Communion: I was 7 years old when I had my First Communion, which means I got to eat some bread and drink some wine. Mostly I was just excited to eat some bread and drink some wine, but here’s the rub: the bread is a blessed circle of the driest cardboard your little non-Catholic brain can imagine, and about 245 herpes-mouthed 55-year-old wine moms put their lips on that Blood of Christ goblet before you got your turn. Now, this doesn’t matter to a child who just wants to eat some bread and drink some wine. But as an adult who isn’t all-in on the Catholic thing, this seems absolutely banana-fucking bonkers. An entire building of people drinking from the same cup, and the only line of defense is a filthy cloth? No wonder everyone in Europe got the plague.
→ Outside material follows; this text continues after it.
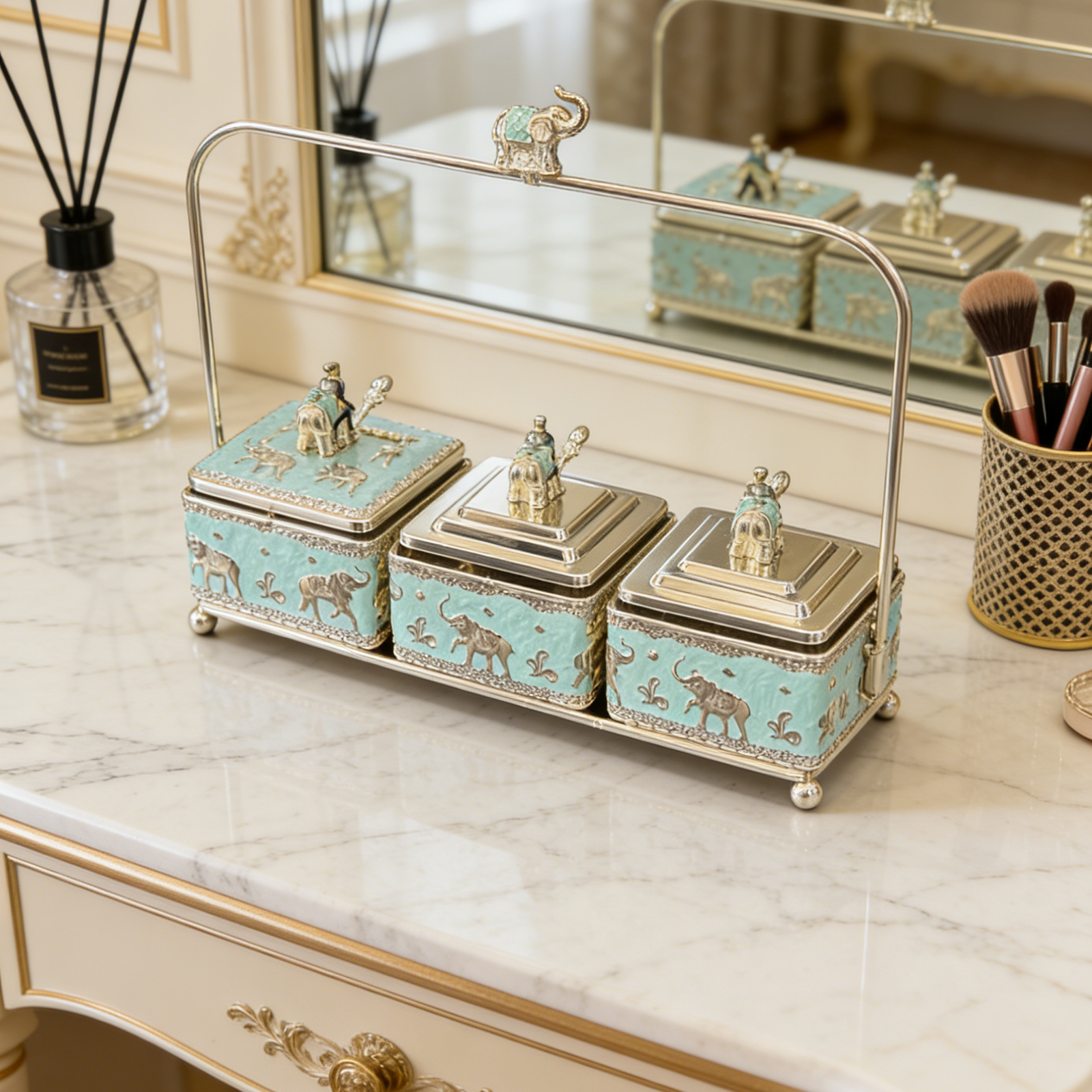 Luxury silver-plated enamel Mukhvas Chariot

Confirmation: I don’t know what this is exactly, because by the time I was 14 years old I had completely checked out of the whole religion mentally and was starting to ask myself deep questions like “If God already knows everything and therefore knows the full trajectory of my life before I even live it, why does He really care about how I act on this Earth?” and “What if our universe is just dust on a giant’s fingernail, whose universe is just dust on his fingernail, and that universe actually has visible evidence of the barbaric crocodile gods whom they all worship while we’re here wondering why God chooses to show Himself as blobs on pieces of toast?” Anyway, with Confirmation I recall needing a sponsor (who turned out to be an equally apathetic uncle), and going on several late-night Christian retreats with the other kids. Branden Garner laughed so hard at something that he puked up his pizza during dinner. That’s the only thing I remember. Obviously the faith and peace stuff didn’t make as much of an impression.

Josh Lyman from The West Wing — a Case Against GOD?!?!?

So then what? Confirmation happened in 2001 and I haven’t looked back since. Maybe it’s because those airplanes flew into the Twin Towers and The West Wing did a very special episode that was the worst thing on TV since they showed those airplanes hitting the Twin Towers, causing me to lose faith in humanity AND God in one fell swoop. Thanks, West Wing.

I labeled myself as agnostic in college for a while because I took the coward’s way out of sitting on the fence about it. I felt so fucking cool putting that on my Facebook profile, like “LOOK AT THIS SHIT, IDIOTS.” By then I was definitely not going to church anymore unless someone died, and even then I got out of it because I was a student at college doing studious things like downloading all the Phish shows I could get my hands on and catching up on episodes of Lost. I remember during one funeral — it was probably some horribly racist great aunt — when it was time for Communion. I sat there in the pew turning red because I could tell every eye in the room was on me. Just imagine everyone in a congregation staring at you with their cold Jesus-loving eyes while the priest has fourteen young boys locked up in the basement. How was I supposed to go up and PRETEND to be all-in on the Catholic thing. Honestly, that would have been more embarrassing.

I have my own hang-ups about funerals that I can get into another time, but I’ve made a decision that, if I can help it, I’m not stepping into a church anymore for the rest of my stupid life. I suppose that was the point of all this rambling in the first place. Fuck church!